Adelaide picked herself up and stumbled further.

"You still here?" said the marketing manager, walking by briskly. "Cleaned out your desk, yet?"

They'd fully turned on her. In the past their passive-aggressive attitude only spurred her further, but now it lacked the passivity and had moved into full-blown violence.

What was she wallowing for? This was a key juncture in her future. This moment, this place. Was she just going to sit here and take it? Fiery-underworld no.
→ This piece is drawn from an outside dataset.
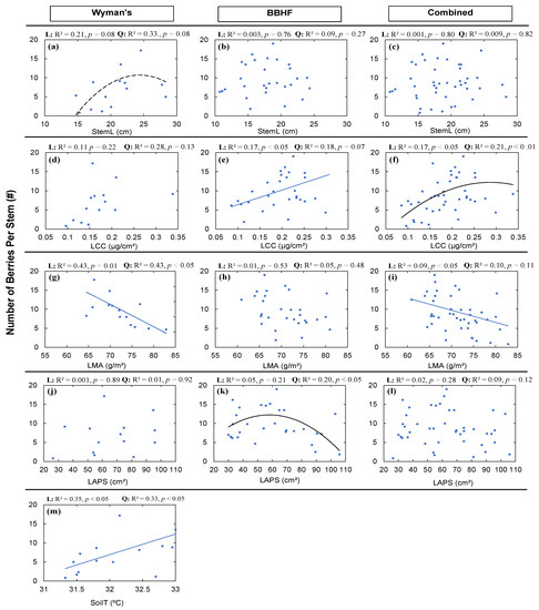 Average number of berries per stem (NBS) in wild blueberry fields in relation to average stem length (StemL) (a–c); average leaf chlorophyll concentration (LCC) (d–f); average leaf mass per area (LMA) (g–i); average leaf area per stem (LAPS) (j–l); and average soil temperature (SoilT) (m). The solid blue lines indicate significant (p < 0.05) linear relationships, and black lines indicate significant (p < 0.05) quadratic relationships. Dashed lines indicate marginally significant (p < 0.10) relationships. Here, among all the structural and functional traits, only significant or marginally significant relationships to NBS were plotted. The strongest relationship was selected from the high level of significance (p-value) and higher coefficient of determination (R2).

But there was no point trying to retain this job. Her bridges were a smouldering ash-heap. Another opportunity had presented itself with Josef. The exact position didn't matter, as long as it wasn't missionary. Instead of getting by on her looks, on her personal relationship with the boss, she was determined to prove her worth and earn her way in. She'd helped shape House of Paschar from a fledgling business into a multi-national company. AutomatIO was still small enough to do this again, but this time she'd get the credit and, most importantly, the respect of others.

Tim, a thin man in a tight suit and the head of sales, made a bee-line for her. When he was approximately 7.2cm from her face he took a deep breath and let out a loud series of expletives that would cover this page in bold italics. Then walked away.

She shrugged it off, focussing her rage on the problem at hand. There was no option but to convince Josef he desperately needed the selfiebot.